Taliban Talks Hit a Wall Over Deeper Disagreements, Officials Say – The New York Times

The Afghan president was signing up for nothing less than a gamble, with the details of what might transpire at Camp David vague even to his closest circle of advisers. But stuck in a difficult position, he didn’t have much to lose, a senior official said.

After the talks were called off, the Afghan government blamed the Taliban, saying that the violence was making the peace process difficult. Sediq Sediqqi, a spokesman for Mr. Ghani, lashed out at the Taliban’s political office in Qatar, saying that the group had shown no commitment to peace despite having protection in the Gulf country and freedom of movement.

“The Taliban’s honeymoon in Qatar needs to be ended,” Mr. Sediqqi said.

It recent weeks, it had been increasingly clear that the United States and the Taliban, after nine rounds of painstaking negotiations over nearly a year, had ironed out most of the issues between them. The chief American envoy, Zalmay Khalilzad, declared that the agreement document had been finalized “in principle.”

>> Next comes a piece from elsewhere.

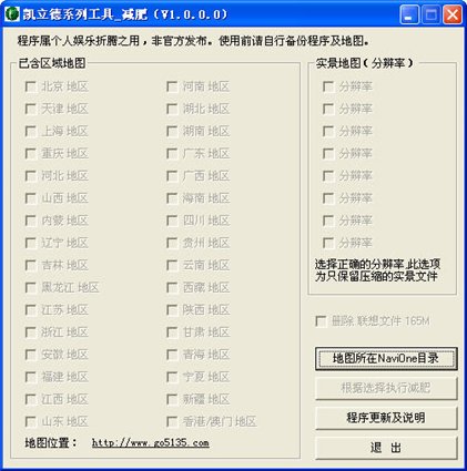 凯立德GPS导航地图减肥工具软件,由于导航地图容量越来越大,多余省份的地图数据可有效清除,减少容量占用,地图照样正常使用。

That deal, criticized by Afghan officials for lacking measures that would ensure stability, would include a timeline of about 16 months for a gradual withdrawal of the remaining 14,000 American troops, with about 5,000 of them leaving in 135 days after its signing. In return, the Taliban would provide counterterrorism assurances to ease American fears of repeat of attacks on home soil — such as the attacks by Al Qaeda on Sept. 11, 2001, that precipitated the war in Afghanistan.